[DATA SHOWN]:
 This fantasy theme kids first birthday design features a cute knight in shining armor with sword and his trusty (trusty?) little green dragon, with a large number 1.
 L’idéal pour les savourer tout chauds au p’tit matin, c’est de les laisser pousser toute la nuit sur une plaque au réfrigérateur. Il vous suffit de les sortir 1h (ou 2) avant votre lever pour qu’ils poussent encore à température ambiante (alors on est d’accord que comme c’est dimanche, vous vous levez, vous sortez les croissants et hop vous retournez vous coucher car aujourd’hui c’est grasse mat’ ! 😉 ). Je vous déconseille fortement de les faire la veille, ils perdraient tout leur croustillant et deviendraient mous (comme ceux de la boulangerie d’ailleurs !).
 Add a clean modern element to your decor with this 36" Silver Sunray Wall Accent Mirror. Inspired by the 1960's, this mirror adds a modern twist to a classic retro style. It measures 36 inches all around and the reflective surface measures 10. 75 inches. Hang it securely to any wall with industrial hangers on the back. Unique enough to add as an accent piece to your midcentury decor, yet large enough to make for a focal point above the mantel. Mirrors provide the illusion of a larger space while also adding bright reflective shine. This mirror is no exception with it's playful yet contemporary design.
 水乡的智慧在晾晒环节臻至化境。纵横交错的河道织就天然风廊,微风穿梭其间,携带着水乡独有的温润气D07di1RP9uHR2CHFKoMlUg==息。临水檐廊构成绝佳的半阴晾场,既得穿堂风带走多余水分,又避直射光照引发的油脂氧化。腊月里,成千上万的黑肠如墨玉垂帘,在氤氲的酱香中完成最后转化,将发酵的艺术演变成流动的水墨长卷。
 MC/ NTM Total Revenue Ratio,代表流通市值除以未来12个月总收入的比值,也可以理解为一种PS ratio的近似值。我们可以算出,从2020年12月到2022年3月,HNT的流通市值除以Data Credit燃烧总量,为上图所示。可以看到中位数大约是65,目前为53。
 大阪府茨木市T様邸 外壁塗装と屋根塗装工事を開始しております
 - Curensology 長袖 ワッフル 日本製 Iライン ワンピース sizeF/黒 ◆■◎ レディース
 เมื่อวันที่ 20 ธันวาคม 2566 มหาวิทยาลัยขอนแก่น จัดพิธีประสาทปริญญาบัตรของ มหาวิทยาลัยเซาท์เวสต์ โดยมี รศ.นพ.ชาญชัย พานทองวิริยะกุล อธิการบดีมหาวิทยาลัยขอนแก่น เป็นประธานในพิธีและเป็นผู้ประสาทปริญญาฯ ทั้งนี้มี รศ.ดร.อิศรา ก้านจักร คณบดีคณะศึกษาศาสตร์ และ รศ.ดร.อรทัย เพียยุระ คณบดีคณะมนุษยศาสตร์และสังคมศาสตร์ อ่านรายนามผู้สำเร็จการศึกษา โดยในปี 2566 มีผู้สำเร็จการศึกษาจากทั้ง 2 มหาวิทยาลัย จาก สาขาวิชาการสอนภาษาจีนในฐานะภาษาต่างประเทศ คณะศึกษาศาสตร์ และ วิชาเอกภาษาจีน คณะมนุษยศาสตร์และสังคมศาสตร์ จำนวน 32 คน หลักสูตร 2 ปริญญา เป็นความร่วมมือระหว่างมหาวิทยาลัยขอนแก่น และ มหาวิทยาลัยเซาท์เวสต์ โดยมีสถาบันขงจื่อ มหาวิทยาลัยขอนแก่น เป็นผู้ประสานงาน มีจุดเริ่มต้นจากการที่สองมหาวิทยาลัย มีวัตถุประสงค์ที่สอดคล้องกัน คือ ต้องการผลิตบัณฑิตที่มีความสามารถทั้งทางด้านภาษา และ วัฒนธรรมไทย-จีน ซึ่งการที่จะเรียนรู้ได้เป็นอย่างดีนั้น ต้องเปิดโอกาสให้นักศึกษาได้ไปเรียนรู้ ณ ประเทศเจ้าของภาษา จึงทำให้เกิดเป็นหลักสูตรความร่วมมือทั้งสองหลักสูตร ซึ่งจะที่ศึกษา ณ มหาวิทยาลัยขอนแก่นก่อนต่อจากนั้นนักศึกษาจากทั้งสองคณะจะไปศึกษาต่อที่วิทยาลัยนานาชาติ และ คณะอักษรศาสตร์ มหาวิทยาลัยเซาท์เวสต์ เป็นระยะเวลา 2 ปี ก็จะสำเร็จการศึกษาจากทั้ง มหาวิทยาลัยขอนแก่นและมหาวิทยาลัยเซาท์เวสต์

[PROBLEM STATEMENT]:
Gather every line from the entries above where the word "large" appears, and copy them.

[RESULT]:
 This fantasy theme kids first birthday design features a cute knight in shining armor with sword and his trusty (trusty?) little green dragon, with a large number 1.
 Add a clean modern element to your decor with this 36" Silver Sunray Wall Accent Mirror. Inspired by the 1960's, this mirror adds a modern twist to a classic retro style. It measures 36 inches all around and the reflective surface measures 10. 75 inches. Hang it securely to any wall with industrial hangers on the back. Unique enough to add as an accent piece to your midcentury decor, yet large enough to make for a focal point above the mantel. Mirrors provide the illusion of a larger space while also adding bright reflective shine. This mirror is no exception with it's playful yet contemporary design.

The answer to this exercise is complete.